To calculate the errors the elements of the target vector y is subtracted from the hypothesis vector.

$\vec{e} = X\vec{\theta} - \vec{y} = \begin{bmatrix} \theta_0 + \theta_1x^1_1 - y^1_1 \\ \theta_0 + \theta_1x^2_1 - y^2_1 \\ \theta_0 + \theta_1x^3_1 - y^3_1 \end{bmatrix}$

Calculating the Squared Errors

To calculate the square of the errors an element wise squaring operation is performed.

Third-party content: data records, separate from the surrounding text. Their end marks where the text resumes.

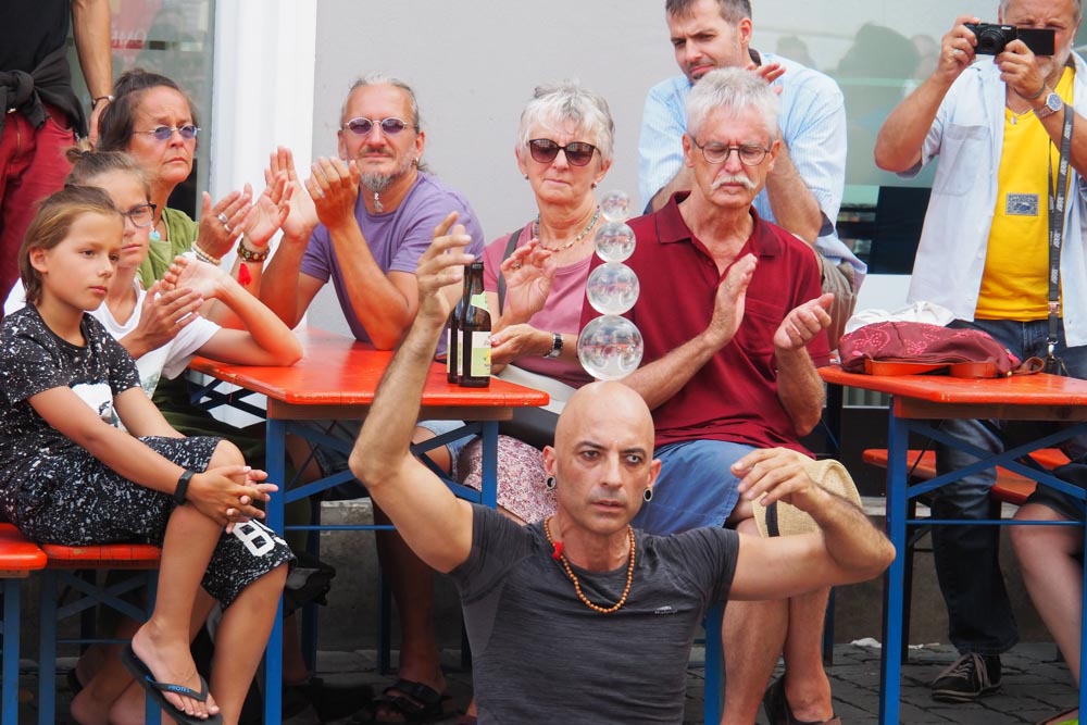 Künstler aus 13 verschiedenen Nationen unterhielten mit Straßenakrobatik, Straßentheater, Zauberei und Comedy und Straßenmusik ...
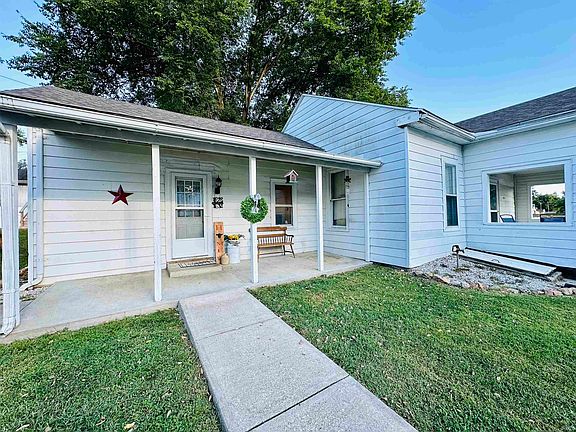 LOW COST LIVING! List of 5 year updates include roof, gas furnace, AC condenser, water heater, and kitchen appliances. Welcome to this bright and inviting one-story home, filled with natural light from numerous large windows. This 2-bedroom, 1-bath gem offers a perfect blend of comfort and convenience. The spacious dining room flows into a large kitchen with a breakfast bar, ideal for morning coffee or casual meals. Enjoy outdoor living with two covered porches, perfect for relaxing or entertaining. Located within walking distance of the downtown square and nearby parks, this home is close to shops, restaurants, and all the amenities you need. Don't miss this opportunity to make this cozy home yours. This home could qualify for 100% USDA financing!
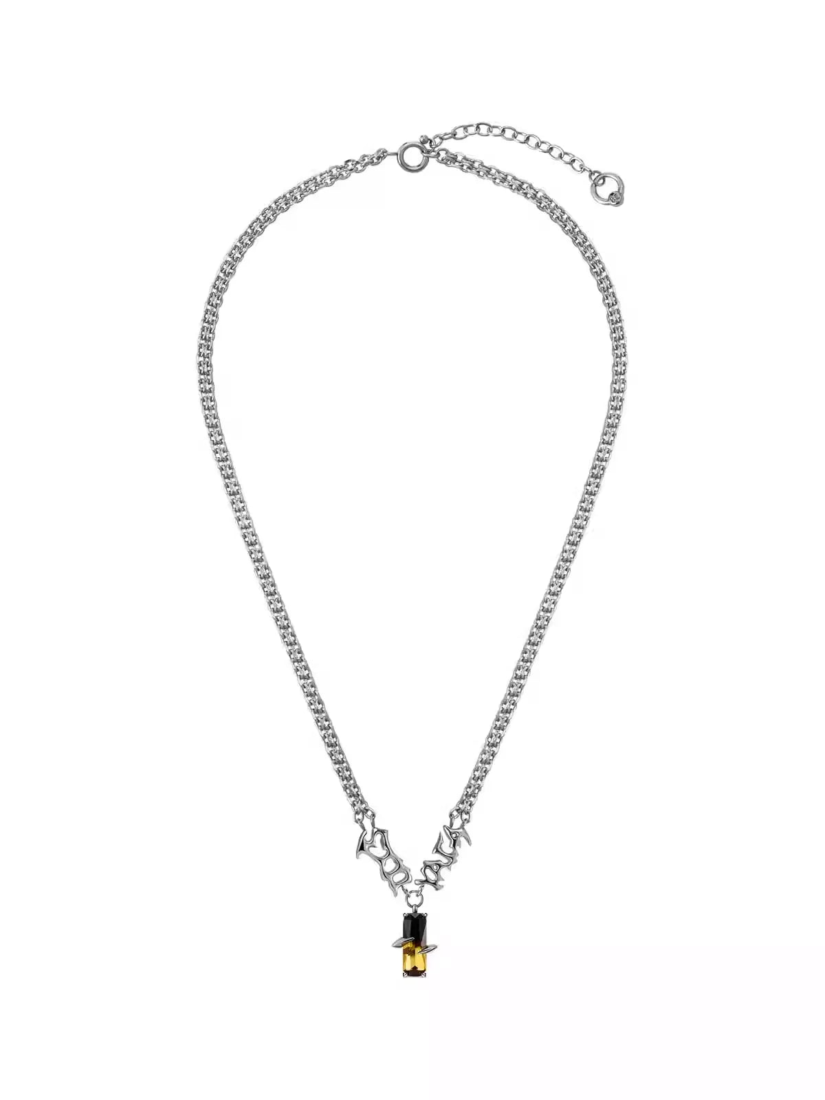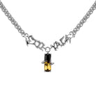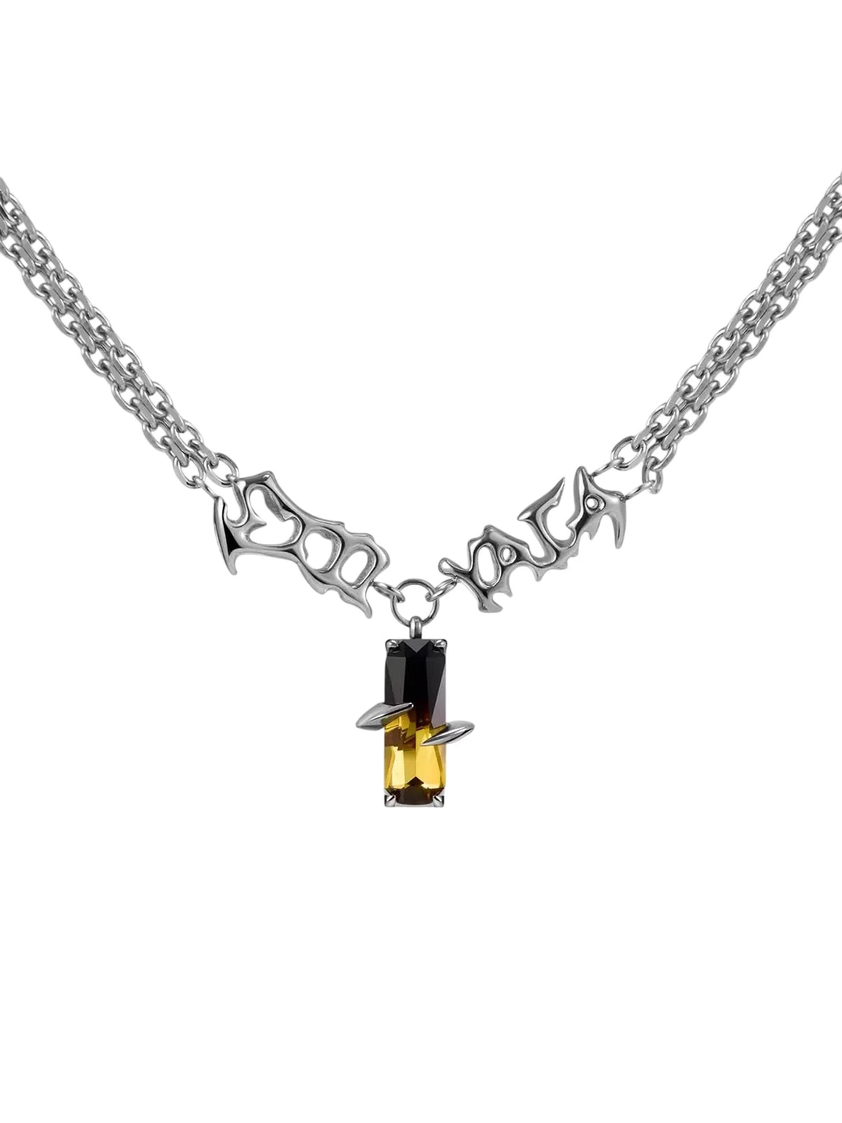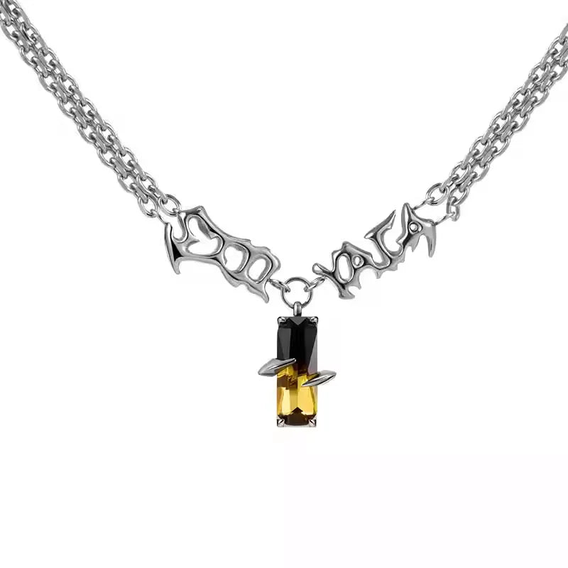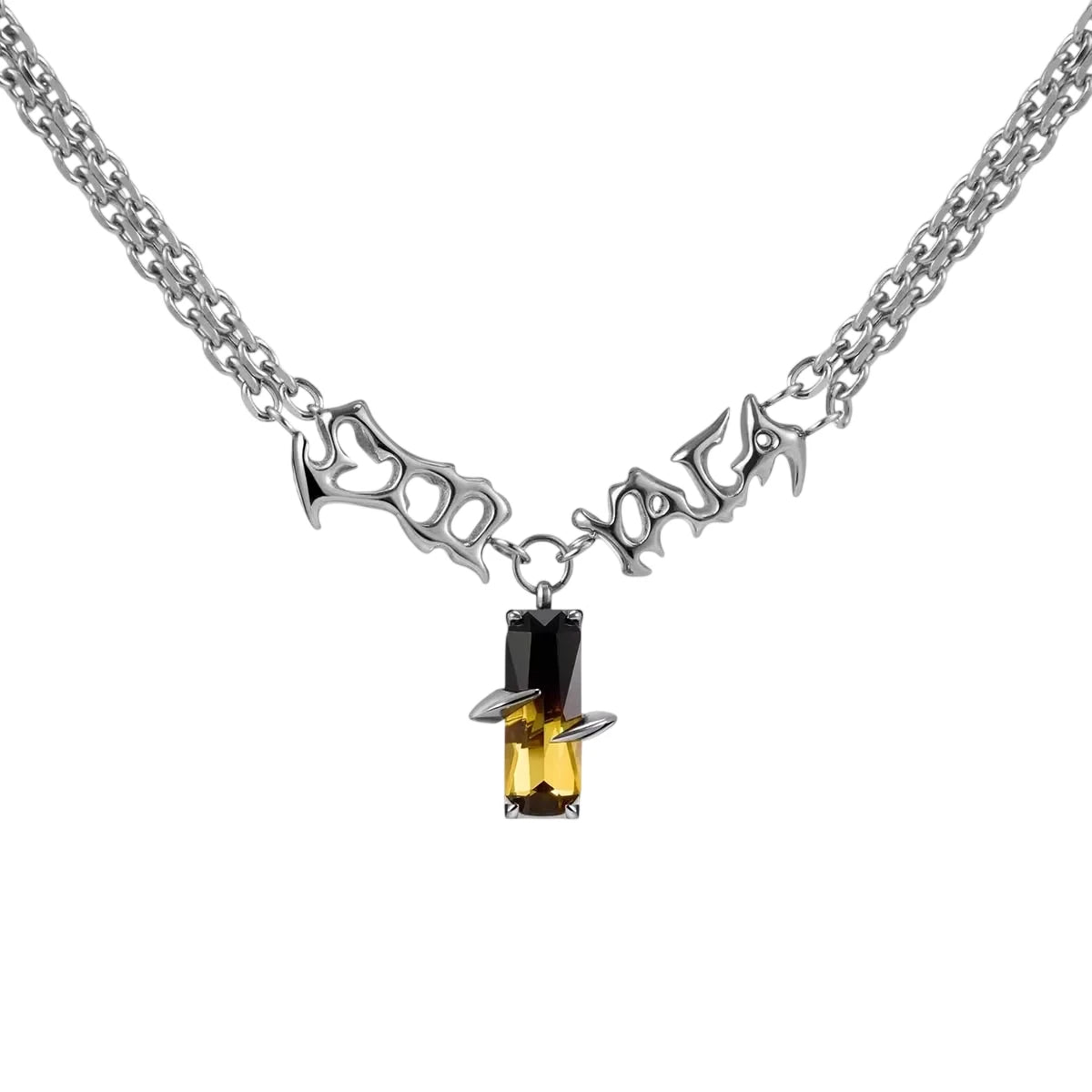This unisex necklace features a bold chain design accented by sculpted metallic text detailing. At its center hangs a striking pendant crafted from black and amber-toned crystals, securely held by claw-like prongs for a strong, punk-inspired look. With its unique gradient color scheme and edgy aesthetic, this necklace is perfect for making a fashion-forward statement.

$\vec{e}^2 = (X\vec{\theta} - \vec{y})^2 = \begin{bmatrix} (\theta_0 + \theta_1x^1_1 - y^1_1)^2 \\ (\theta_0 + \theta_1x^2_1 - y^2_1)^2 \\ (\theta_0 + \theta_1x^3_1 - y^3_1)^2 \end{bmatrix}$

Calculating the Sum of the Squared Errors

To sum the elements of the squared error vector a 1xm row vector (o) is multiplied by the squared error vector (e) to produce a 1×1 vector containing the sum of all the squared errors.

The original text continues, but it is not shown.